Demyx turned away, frowning. "I wanted to ask Xaldin something, but he told me to butt out, so I went to find you."

"Well, okay."

Vexen did his silly turkey-laugh and scoffed. "I'd hate to interrupt your little moment, so I'll just be going to Larxene's bathroom or something." He fake gagged and shoved Demyx out of the way to get out of the bathroom.

"Why are we in the bathroom, anyway?" Demyx asked himself. "Maybe I should ask both of them about it. Hey, it smells like bacon in here. That's weird." No-one had ever accused him of being normal, anyway. "Let's get out of the bathroom," he said out loud.

"Alright?"

-

"So why are you leading me all around the Castle? What did you want to ask about?"

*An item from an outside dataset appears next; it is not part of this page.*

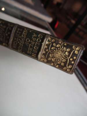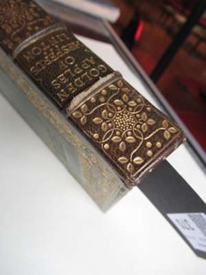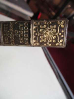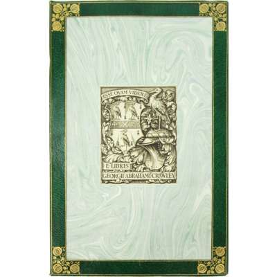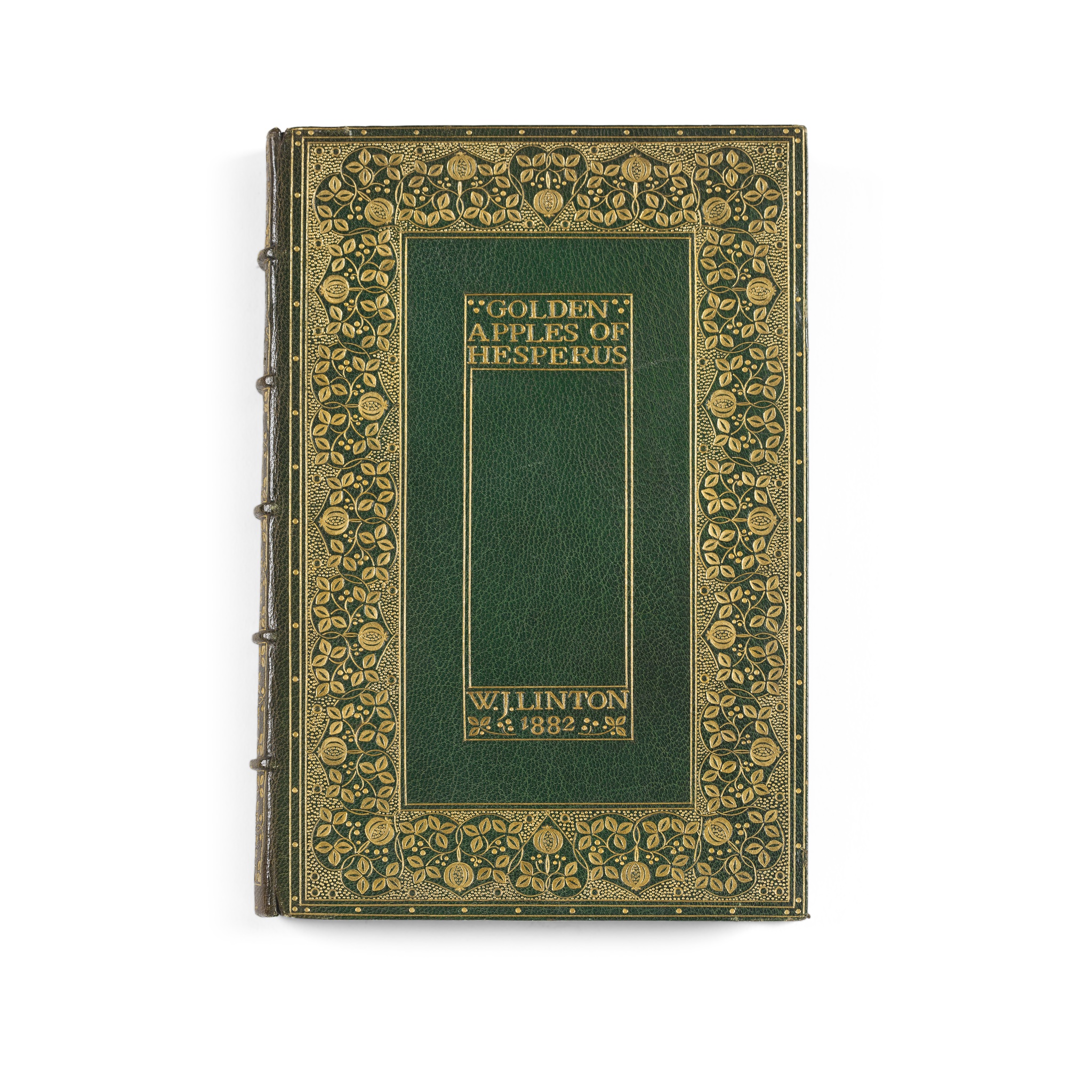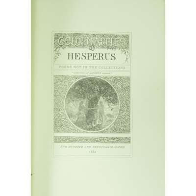 Golden Apples of Hesperus. Appledore Private Press: 1882. First edition, 8vo in fours, no.218 of 225 copies signed by the author, contemporary green morocco decorated in the arts & crafts style with panelled gilt tooling with branches of poppies, spine banded in six compartments with gilt foliage motifs, gilt doublures with poppy motifs over green marbled endpapers signed 'B.C.D. 1902', slight wear to the corners of cover, bookplate to paste down endpaper, three newspaper reviews paste down to flyleaf, slight discolouration to end papers

"Huh? Oh, actually I was trying to find somewhere that nobody would bother us."

"Demyx," Xigbar said, putting his hands on Demyx's shoulders. "You're creepin' me out, man. What the hell are you going to ask me?"

"It's about Xaldin."

"Oh? What about him? He's too quiet. It's always the quiet ones, you know. Hehaha."

"Are you in love with him or something?" Demyx said suddenly.

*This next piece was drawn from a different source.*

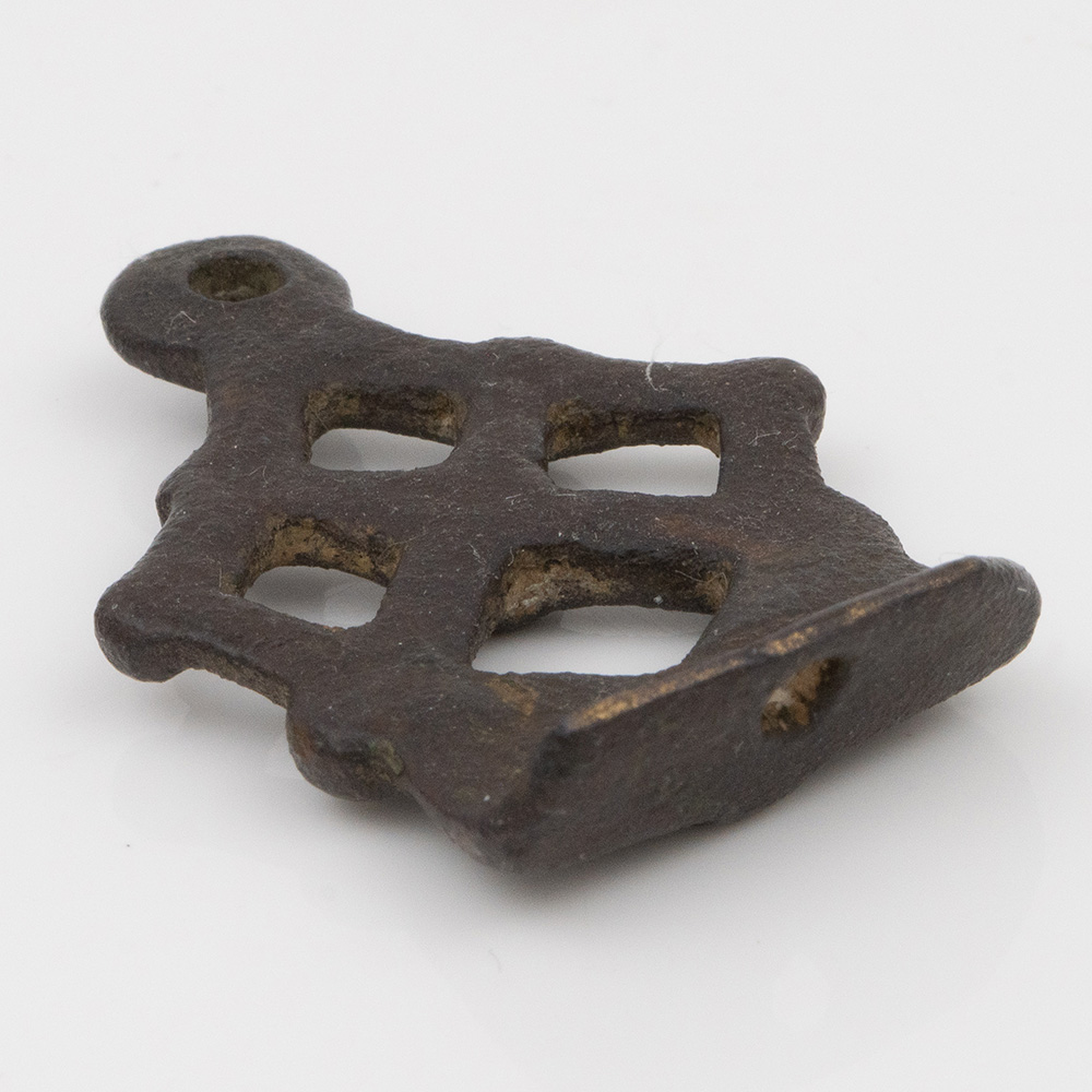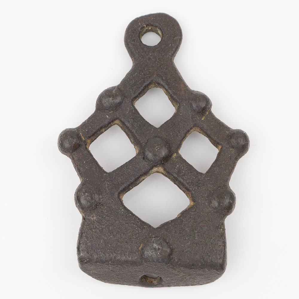 Description: A lozenge-shaped, bronze stirrup attachment mount with lozenge-shaped piercings and raised pellets to body, single ring to apex for attachment, patinated.

"What? As if! Didn't I just say he was weird? You're thinking too much, Dems, and you know what happens when you think."

"Yeah, I guess so. Um, sorry. I'm gonna go get something to eat, okay?"

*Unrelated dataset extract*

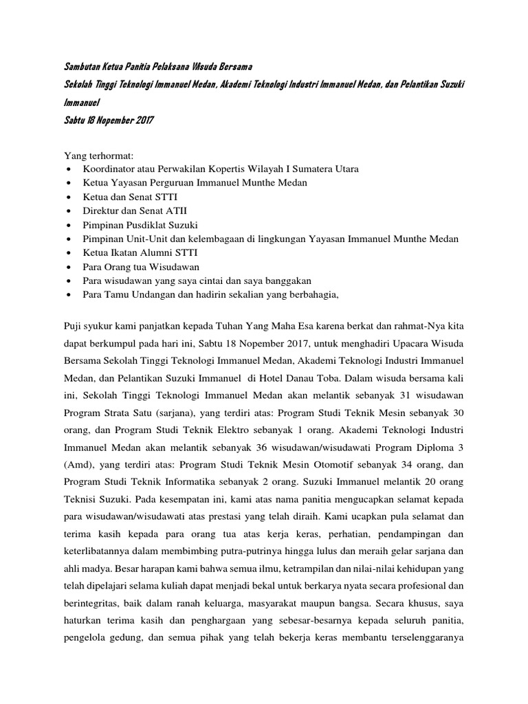 Pidato untuk acara wisuda salah satu kegiatan yang paling membahagiakan bagi seorang mahasiswa ketika sedang mengenyam bangku kuliah adalah dapat selesai tepat waktu dan lebih istimewa lagi jika menjadi seorang wisudawan terbaik. Kata sambutan adalah suatu kalimat atau kata kata yang.

"Don't fall down the stairs, dude. It'd be a mess to clean up."

-

"Knock, knock."

"Come in, Xigbar." Xaldin laid his book on the table. and gestured to the other chair. Xigbar sat.

"Well? I assume you've a reason for coming here?"

"You know that I do. I wouldn't bother you out of the blue."

"What, exactly, did the stupid one ask you, then?"

"Not how to make cupcakes, that's for damn sure." Xigbar slammed his fist on the table. "Is it that obvious? Honestly."

"Is what that obvious?"

Xigbar sighed. There was no way he could say it, but he was sure that if he did, Xaldin would react. He was always stoic--not as much as Lexaeus, but to an extent. What he wanted was to see any genuine display of emotion. Then again, wasn't that what they all wanted, some kind of emotion?

"He asked if I had certain feelings for an unnamed person. That's all."

Xaldin raised an eyebrow. He would get more out of Xigbar.

"Specifically?"

"Just someone. Really, I don't even know why I came here." He stood, intending to leave.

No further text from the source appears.